- Recorded data
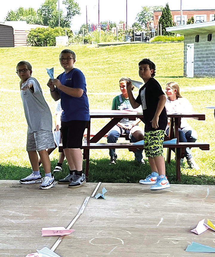 ON THEIR FIRST day of school last Tuesday, Natural Bridge Elementary fifth-graders used different types of paper to make airplanes and then measured flight distances to see which made the better airplane.
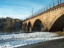 Begna Railway Bridge is a 216-metre-long (709 ft) bridge that runs over the Ådal River (lower part of Begna) at Hønefoss Station, directly above the Hønefoss water falls. The bridge was built in 1898, adopted at the same time that it was decided that the Bergen Line would go to Hønefoss.
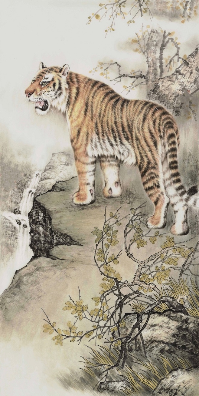 画家陶润文有杰出的美术才华,凡属美术多科诸目,他都广泛涉足,传统水墨、藏传唐卡、陶瓷、书法、美术理论、国礼创作等等,都各有精湛的创作成果。正是因为有着博涉多优的创作能力,所以他在美术界、文化界、艺术交流界的影响力与日俱增。收藏、品鉴其艺术造诣的称赞涌涌不绝,溢乎箱箧,动盈卷轴。面对这样一位美术雄才、文化专家,很难以千言而嗟叹充足,所以以下仅从他创作的充满敦煌壁画文化质感的作品,来体验他美术功夫的炉火纯青。
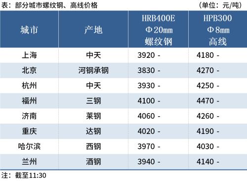 ◎北京:7日早盘建材市场价格平稳,现河钢、敬业HRB400E螺纹Ф12mm3890、Ф20mm3830,HRB400E盘螺Ф10mm3970。(单位:元/吨)
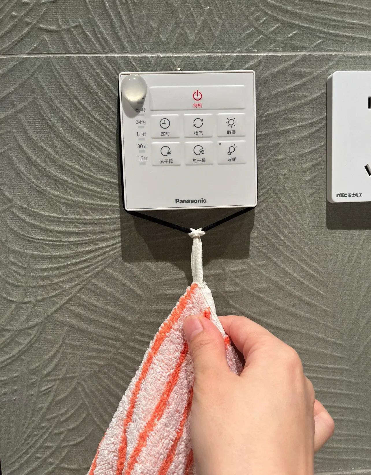 把毛巾自帶的水洗標和一根皮筋綁在一起,再把皮筋掛在開關上就可以了。
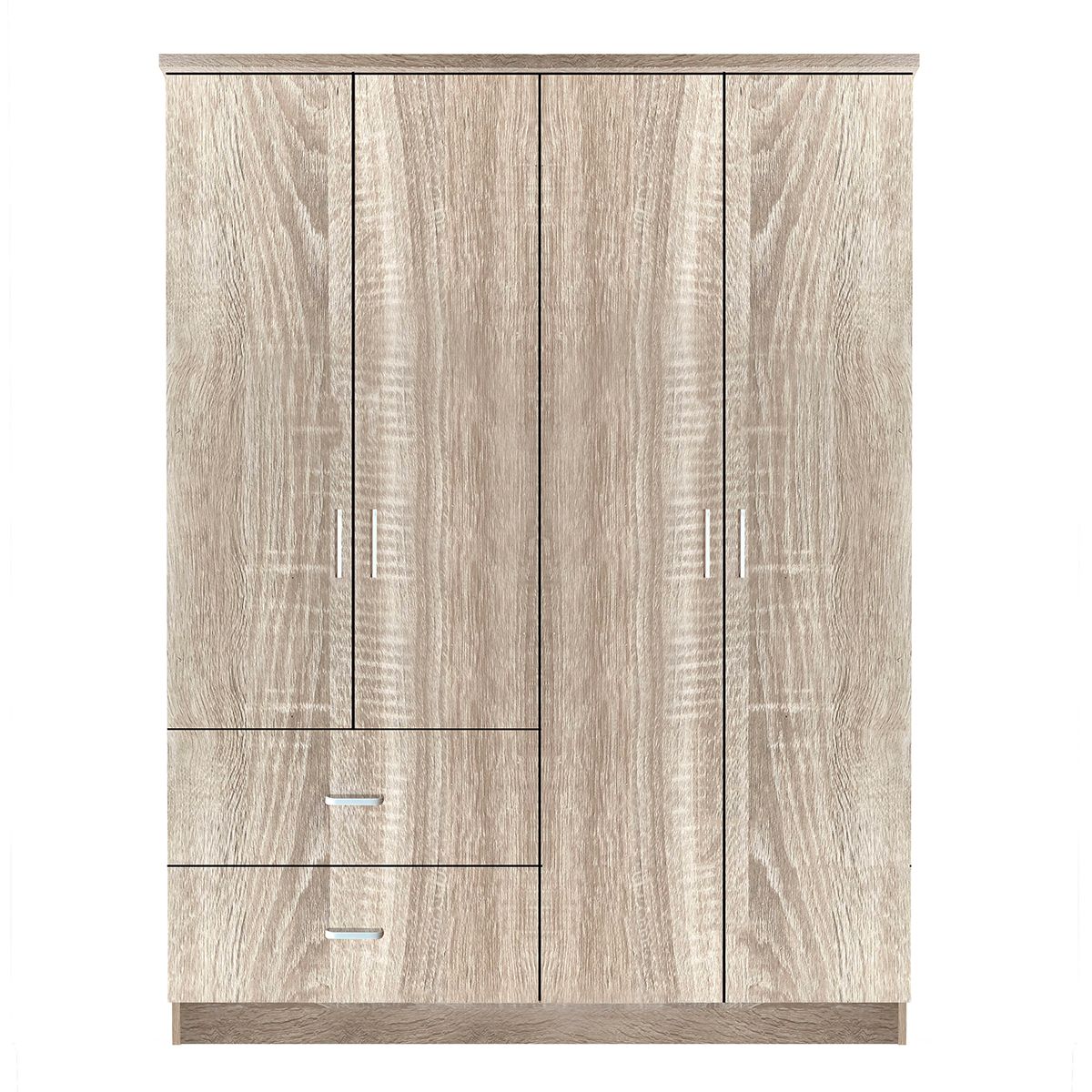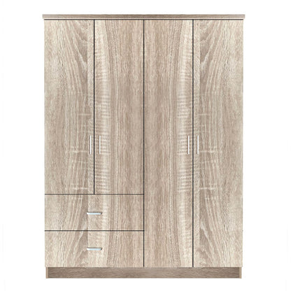 Ντουλάπα ρούχων τετράφυλλη κατασκευασμένη από οικολογική μοριοσανίδα, επενδεδυμένη με μελαμίνη. Minimal σχεδιασμός σε φυσικό χρώμα που θα δέσει αρμονικά με το χώρο σας . Διαεθέτει δύο μεγάλα συρτάρια για ακόμη περισσότερο αποθηκευτικό χώρο. Το προιόν μπορεί να χρησιμοποιηθεί για οικιακή και επαγγελματική χρήση (ξενοδοχεία, ξενώνες, airbnb κτλ).
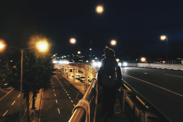 We had visited Braga before, during one week long training, so the city was not so unfamiliar to us. At least to me. I was sure it will be easy to me to find the right way through, but I forgot that night makes things look different. The walk to a place where we could find another ride easily (however it was quite late already...) took not 15 minutes but almost an hour. One of the points on our sightseeing tour took visiting closed for traffic part of a highway, where we were not supposed to even be, I guess... From there we had to climb over a fence. Fortunately, our perfect spot was right across the street from us. As soon as we took off our backpacks... a police car stopped by us!
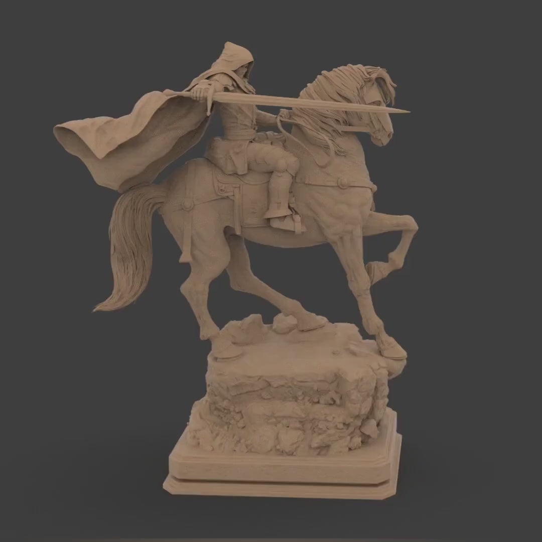 Command attention with this imposing mounted figure, a dark sovereign sculpted in full stride atop his steed. With sword raised and cloak billowing, this figurine captures the perfect fusion of dominance, grace, and raw authority.
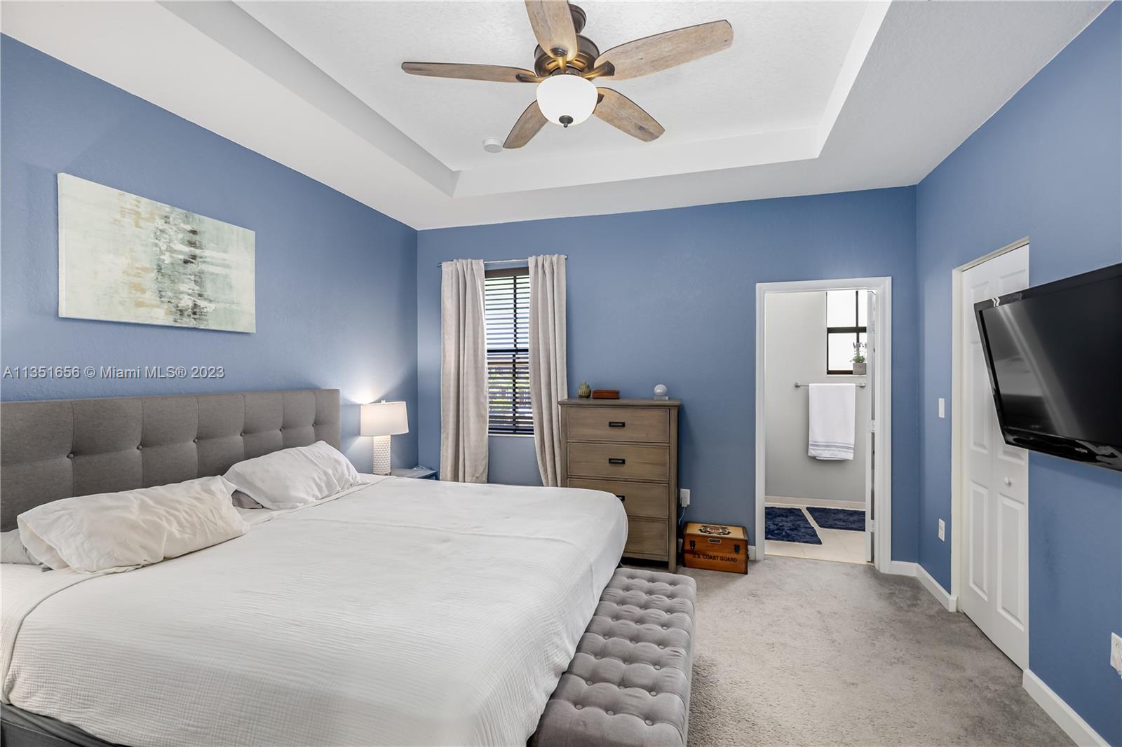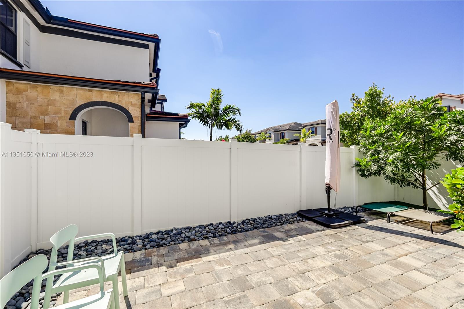 Built in 2019 & Priced to sell end unit, this well kept townhouse features an open concept. Carpeted stairs and upstairs for maximum comfort. 3 bedrooms upstairs with two full baths and a laundry room for convenience. The kitchen has granite counters, stainless steel appliances and a backyard with pavers, privacy fence with gate to the outside, and synthetic grass. The driveway is big enough for 3 cars and plenty of guest parking across the street. Aquabella has 2 clubhouses with a gym, a pool, and cabanas. The Main clubhouse has a kids splash park, jacuzzi, and outdoor kitchen. Come and check out the house and the community, look forward to seeing you!

- Requirement
What should come back is an exact copy of the lines above from the line with "画家陶润文有杰出的美术才华,凡属美术多科" to the line with "Command attention with", both included, minus the pictures.

- Result of this exercise
 画家陶润文有杰出的美术才华,凡属美术多科诸目,他都广泛涉足,传统水墨、藏传唐卡、陶瓷、书法、美术理论、国礼创作等等,都各有精湛的创作成果。正是因为有着博涉多优的创作能力,所以他在美术界、文化界、艺术交流界的影响力与日俱增。收藏、品鉴其艺术造诣的称赞涌涌不绝,溢乎箱箧,动盈卷轴。面对这样一位美术雄才、文化专家,很难以千言而嗟叹充足,所以以下仅从他创作的充满敦煌壁画文化质感的作品,来体验他美术功夫的炉火纯青。
 ◎北京:7日早盘建材市场价格平稳,现河钢、敬业HRB400E螺纹Ф12mm3890、Ф20mm3830,HRB400E盘螺Ф10mm3970。(单位:元/吨)
 把毛巾自帶的水洗標和一根皮筋綁在一起,再把皮筋掛在開關上就可以了。
 Ντουλάπα ρούχων τετράφυλλη κατασκευασμένη από οικολογική μοριοσανίδα, επενδεδυμένη με μελαμίνη. Minimal σχεδιασμός σε φυσικό χρώμα που θα δέσει αρμονικά με το χώρο σας . Διαεθέτει δύο μεγάλα συρτάρια για ακόμη περισσότερο αποθηκευτικό χώρο. Το προιόν μπορεί να χρησιμοποιηθεί για οικιακή και επαγγελματική χρήση (ξενοδοχεία, ξενώνες, airbnb κτλ).
 We had visited Braga before, during one week long training, so the city was not so unfamiliar to us. At least to me. I was sure it will be easy to me to find the right way through, but I forgot that night makes things look different. The walk to a place where we could find another ride easily (however it was quite late already...) took not 15 minutes but almost an hour. One of the points on our sightseeing tour took visiting closed for traffic part of a highway, where we were not supposed to even be, I guess... From there we had to climb over a fence. Fortunately, our perfect spot was right across the street from us. As soon as we took off our backpacks... a police car stopped by us!
 Command attention with this imposing mounted figure, a dark sovereign sculpted in full stride atop his steed. With sword raised and cloak billowing, this figurine captures the perfect fusion of dominance, grace, and raw authority.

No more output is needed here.